O terceiro momento, enxerga o presidente da SBPC, teve como pontos iniciais a redemocratização e a criação do Ministério da C&T, em 1985. “A partir desse momento, entramos num ciclo de críticas, mas também num momento de efetiva participação na construção da política e novos mecanismos de apoio à C&T”, diz Raupp.
Ele lembra de quando o primeiro ministro Renato Archer organizou num Auditório da Fapesp uma reunião com cientistas para saber qual a melhor forma de se montar o ministério. “Ele foi publicamente pedir ajuda e dicas para compor o ministério. Neste momento, houve uma clara colaboração, mas alguns anos depois já houve novos problemas”.
Raupp cita a entrada no poder de Fernando Collor. “Foi um momento pouco propício, mas nos esforçamos para propor melhorias, mas a ciência não era encarada como um programa de médio e longo prazo, algo essencial para o seu desenvolvimento”. O momento presente, diz ele, é de total colaboração com o governo. Segundo Raupp, tanto a Sociedade como a Academia Brasileira de Ciências são chamadas a participar e debater os rumos da área.
“Voltamos a ter um planejamento, uma ligação da política de C&T com a política industrial e de desenvolvimento do país, com o foco na inovação. Esta é uma oportunidade para a SBPC propor e participar de atividades que levem o Brasil a um novo patamar”, finalizou.
Palis disse que o pensamento da Academia.
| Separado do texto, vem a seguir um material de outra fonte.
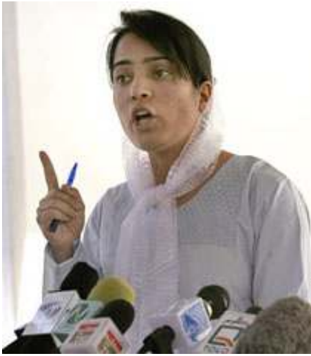
Malalai Joya, en una roda de premsa a Kabul el 21 de maig de 2007, promet continuar la seua lluita contra els senyors de la guerra.

Durant les passades setmanes, després del retorn de Malalai Joya d'una fructífera gira per l'estranger i una entrevista concedida per a una emissora de televisió a Kabul, els senyors de la guerra i els criminals presents en el Parlament i el Senat afganesos, han intentat silenciar Joya i llevar-la del seu escó de parlamentària.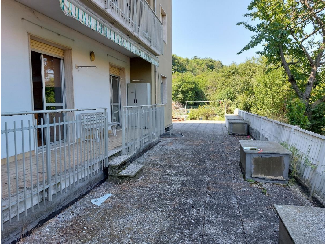
Foto 5 _particolare esterni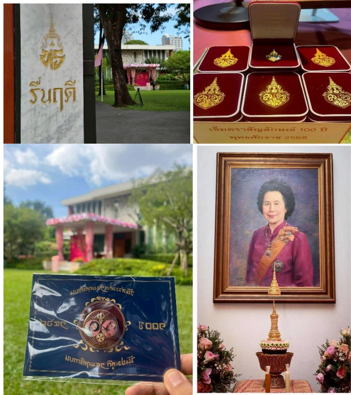
ภาพที่ 9-14 งานเฉลิมพระเกียรติสมเด็จพระเจ้าภคินีเธอ เจ้าฟ้าเพชรรัตนราชสุดา สิริโสภาพัณณวดี เนื่องในโอกาสวันคล้ายวันประสูติครบ 100 ปี 24 พฤศจิกายน 2568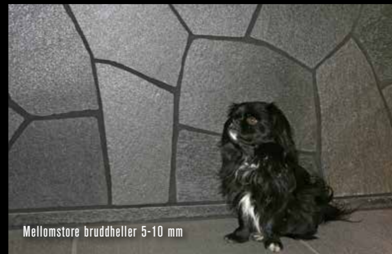
Mellomstore bruddheller 5-10 mm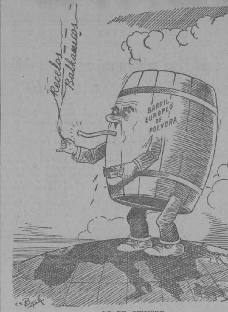
LO DE SIEMPRE (Brooklyn Times.)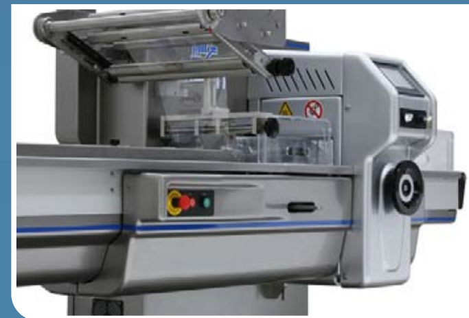
Dispositivo di formatura / Adjustable forming box

Fin seal assembly including three sets of rollers: film pulling, film sealing complete with automatic opening at machine stop and fin seal foldover.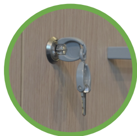
SERRATURA È DI SERIE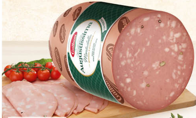
GALBANI AUGUSTISSIMA MORTADELLA L'ETTO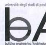
Corso di Laurea Magistrale in Ingegneria Civile e Architettura. Pavia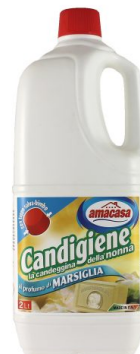
Candigiene Profumo di Marsiglia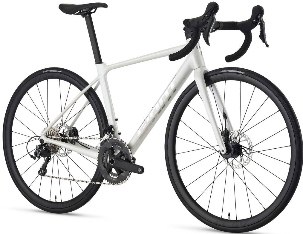
COLOR: クリスタルホワイテスブラッター

GIANTを代表するトータルレースバイク「TCR」のDNAを、アルミニウムフレームに凝縮したプレミアムアルミロード「TCR SLR」が新登場。フレームには最上級のアルミ素材と、GIANTが誇る最先端のアルミニウムフレーム製造テクノロジーを惜しみなく投入し、カーボンバイクに迫る軽さと剛性、鋭い走行性能を実現。TCR ADVANCEDグレードと共通のフルカーボンフォークは、左右対称のデザインで、軽量性と剛性、空力性をバランス。日々のサイクリングはもちろん、レースやロングライドまで幅広いライダーの期待に応える一台。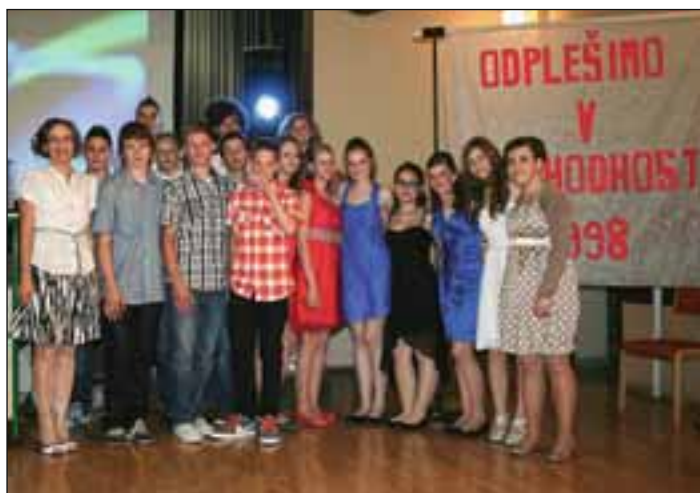
Generacija 1998 zapušča osnovnošolske klopi.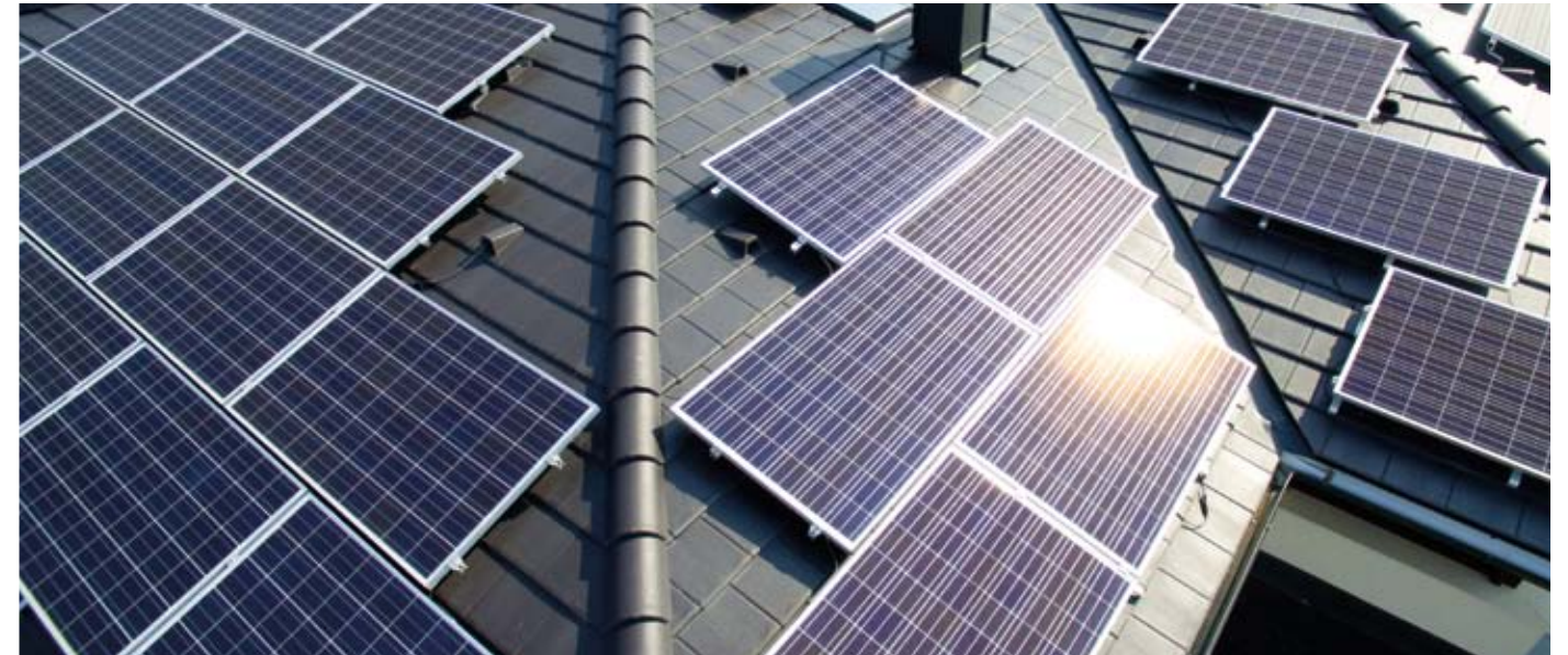
Klasszikus, nagypaneles szolárrendszer

Tartozzon Ön is azon vásárlóink közé, akik innovatív megoldásokat alkalmaznak otthonuk építésénél vagy felújításánál!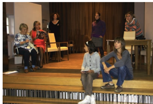
Foto: zkouška hry Osm žen

Jsmo na startovní čáře a vše ukáže i zájem obyvatel Chaber o ochotnické divadlo. Určitě počítáme i s uvedením pohádek pro děti, to je publikum nejdůležitější, na to se těšíme.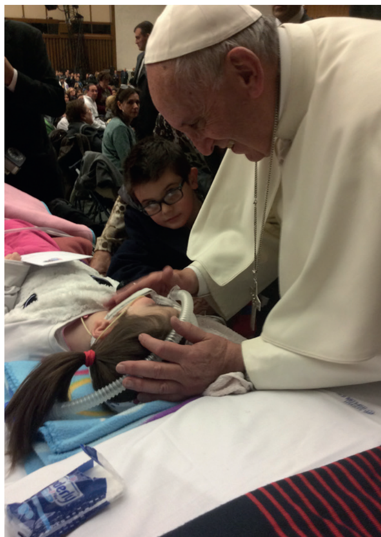
Noemi durante l'incontro con Papa Francesco

Così nell'aprile del 2013 nella loro Guardia-grele, in provincia di Chieti, in Abruzzo, nasce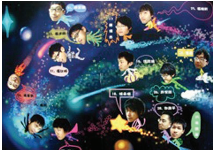
▲圖2-38 結合攝影、漫畫與電腦繪圖的創意班級介紹，展現高中青年的科幻式美學。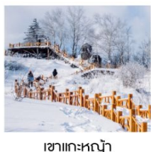
เขาแคะหญ้า

ฟรี!! ...ถุงมือ ผ้าพันคอ หมวก ท่านละ 1 ชุด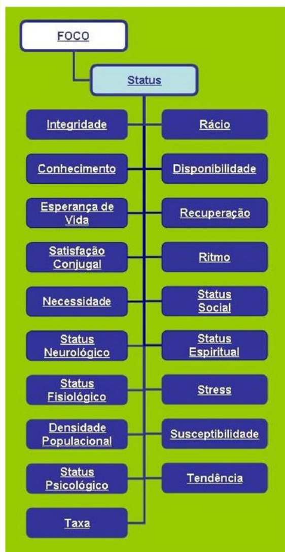
Fig. 4 - Categorias de Status

A forma de implementar uma determinada intervenção de enfermagem pode ser descrita recorrendo ao eixo RECURSOS, que na CIPE 1.0 integra seis categorias: 1) os artefactos ou dispositivos e instrumentos de diversa natureza (como são exemplo o resguardo, a prótese ocular, a roupa da cama, o campo cirúrgico, compressas, ligaduras, pente, grades da cama, brinquedo, humidificador, agulha, dreno, catéter, protocolo e regime medicamentoso); 2) os recursos humanos ou prestadores de cuidados , como enfermeiro, médico ou cirurgião; 3) os serviços do tipo serviço de planeamento familiar ou serviço de fisioterapia; 4) os materiais ou produtos utilizados na prestação de cuidados, como creme, medicamento ou solução; 5) as técnicas realizadas, como por exemplo a técnica de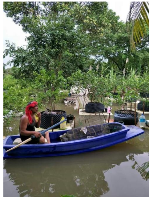
๔. การปลูกมะนาวลอยน้ำ (ฐานเรียนรู้เกษตรกรเครือข่าย)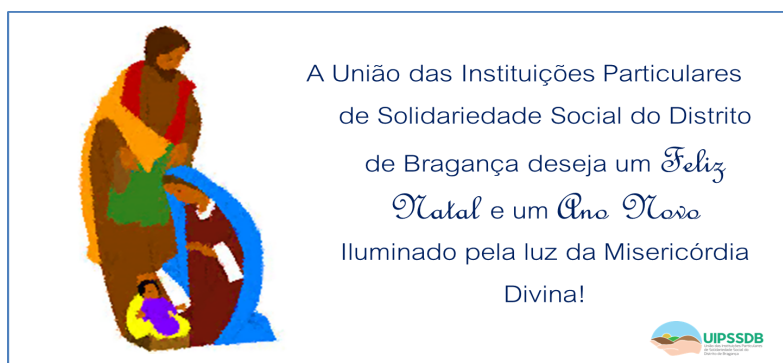
a) Postal de Natal

Foi endereçada uma mensagem, através do envio de um POSTAL de BOA PÁSCOA E FELIZ NATAL a todas Associadas.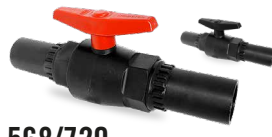
568/720 SALIDA PE Desde \varnothing 20 a 63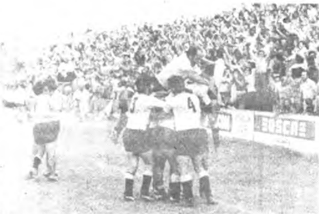
¿Volverán los tiempos victoriosos para el cuadro de Inca?.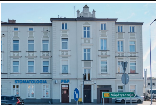
Elewacja frontowa – północno-zachodnia

7. Fotografia z opisem wskazującym orientację albo mapa z zaznaczonym stanowiskiem archeologicznym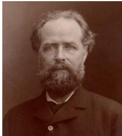
Elisée Reclus (1830-1905)

Um den Herrschaftssystemen ihrer Zeit Alternativen entgegenzustellen, studierten die beiden – zu ihrer Zeit allgemein hochgeschätzten – Geographen Elisée Reclus (1830-1905) und Peter Kropotkin (1842-1921) das Leben indigener Bevölkerungen und deren naturräumliche und biologische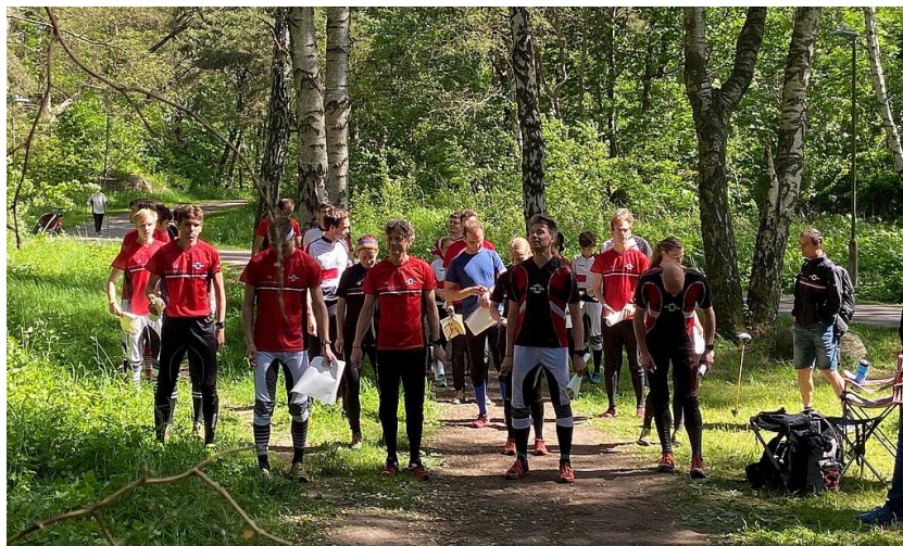
Startuppställning "I väntan på Jukola"

I härligt försommarväder i juni arrangerade GMOK träningstafetten "I väntan på Jukola" där 28 stycken SAIKare, från junior till D/H55, deltog i SAIK-lagen. Alla 4 SAIK-lag samt de 7 sträckorna startade samtidigt. Med 4 sträcksegrar och två sträck-2:or tog SAIK 1 en övertygande seger i stafetten! SAIK lag 4 var också i bra form och knep 3:e-platsen!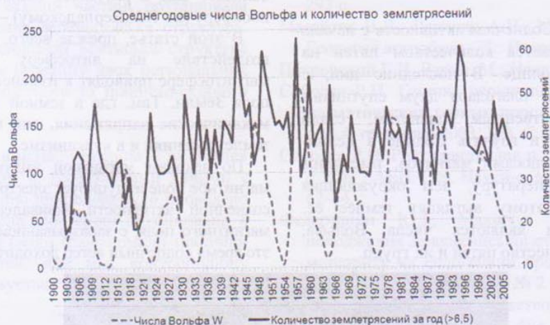
Рис. 2. Среднегодовые числа Вольфа и количество землетрясений

Конечно, не события на Солнце вызывают активные процессы в литосфере и человеческом сообществе. Но общей «спусковой» причиной для явлений в социуме и литосфере являются быстрые процессы в фотосфере и глубинных слоях нашего Светила. А они, в свою очередь, стимулируются и изменениями расположения тел солнечной системы, прежде всего планет-гигантов Юпитера и Сатурна.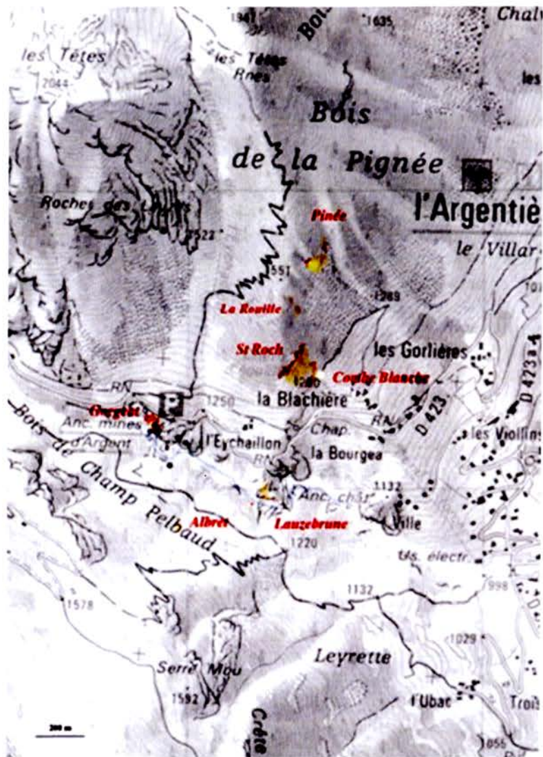
Figure 3 : Localisation des mines sur la carte IGN au 1/10000 e

prés-bois en limite inférieure et par le mélézin sur rhodoraie en limite supérieure 28 .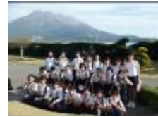
仙巖園(桜島をバックに)

例年は熊本方面を訪れる修学旅行も、今年は、新型コロナウイルス感染症の影響で、大隅半島や霧島市、鹿児島市へと訪問地を変えての実施となりました。まさかのバラの花よりゴーカート(鹿屋市)。マイナスイオンをいっぱい浴びた雄大な滝(錦江町)。ふるさと鹿児島市の素晴らしさを改めて実感した歴史・文化施設(鹿屋市、鹿児島市、霧島市)。広々とした温泉・部屋、おいしい食事を堪能したホテル(垂水市)。何度もおかわりに行ったホテルバイキング(霧島市)。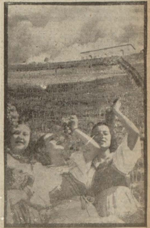
İtalyan köylü kızları

Fransızlar ve İtalyanlar kış, harbin bitip bitmiyeceği meselesinin dahi harçinde olarak büyük bir endişe ile beklemektedirler. Hayvanatın Alman ordusu tarafından (Devami 2 nci sayfada)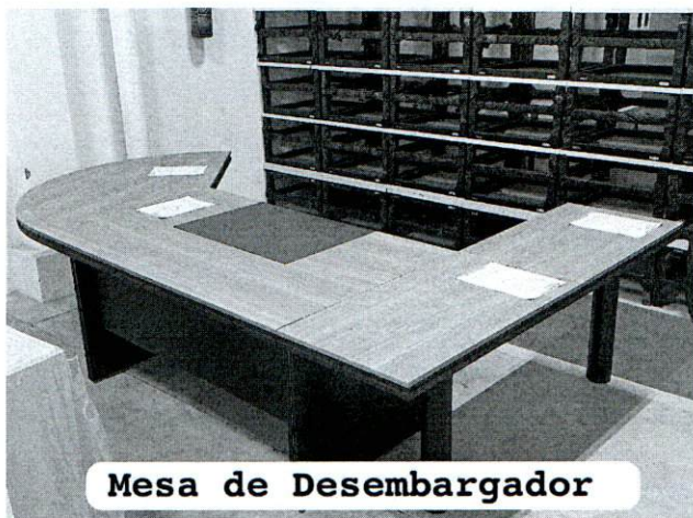
Mesa de Desembargador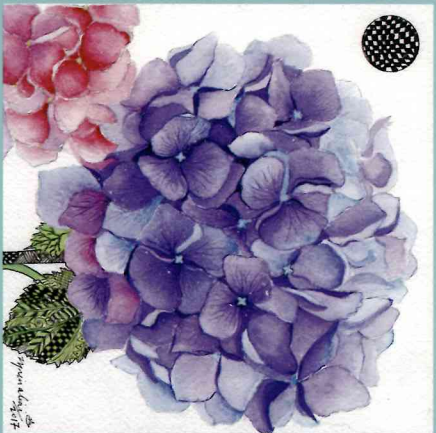
Lavender Blue Mixed media on Arches paper 2017 20 x 20 cm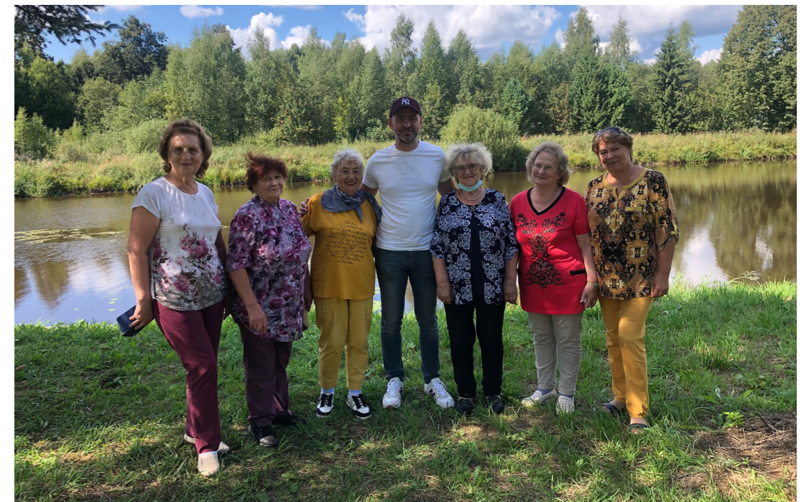
Выезд в Следово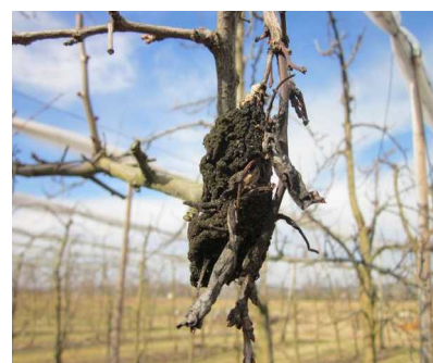
Fruits momifiés

Évaluation du risque : On observe beaucoup de momies en verger cette année. Elles seront, avec les chancres, le point de départ des nouvelles contaminations. La forte pression de l'an dernier amènera un inoculum fort dans les parcelles avec dégâts en 2017. Il faut diminuer au maximum les risques en éliminant rapidement les momies et les chancres.

Defendendo que a SBPC e ABC sempre tiveram papéis complementares, “desde quando o presidente da Capes era Anísio Teixeira (ex-presidente da SBPC) e o do CNPq era Álvaro Alberto (ex-presidente da ABC), há um entendimento que vem se estreitando cada vez mais”.
Ele destacou lutas contemporâneas, como a defesa da C&T para o desenvolvimento da Amazônia, acesso ao patrimônio genético, valorização da carreira de C&T, melhora da Educação em todos os níveis e integração nacional.
Galembeck não se ateve apenas aos 60 anos passados, mas defendeu um papel preponderante da SBPC na defesa da inovação, incitando os pesquisadores a terem maio contato com o setor produtivo. Ele cita como exemplo o caso do etanol. A seu ver, o programa brasileiro na área é um exemplo sem comparação em todo o mundo e se desenvolveu com muita pesquisa, mas sem a participação das Universidades e institutos de pesquisa.
Ele acredita que o petróleo, a nanotecnologia e outros combustíveis renováveis podem marcar o futuro do país e de todo o mundo, mas para o seu desenvolvimento ele defende como necessária uma maior inserção dos pesquisadores em empresas e projetos inovadores. A SBPC, acredita ele, pode fazer uma ponte entre o mundo acadêmico e empresarial.
Concordando com Galembeck, Raupp, diz que desde a Reunião Anual de Florianópolis, há dois anos, está é uma grande preocupação da entidade. “Inclusive nesta Reunião, estamos promovendo mesas-redondas e conferências com empresários inovadores, como do laboratório farmacêutico Aché e da empresa de carrocerias para ônibus e caminhões Marcopolo”, citou.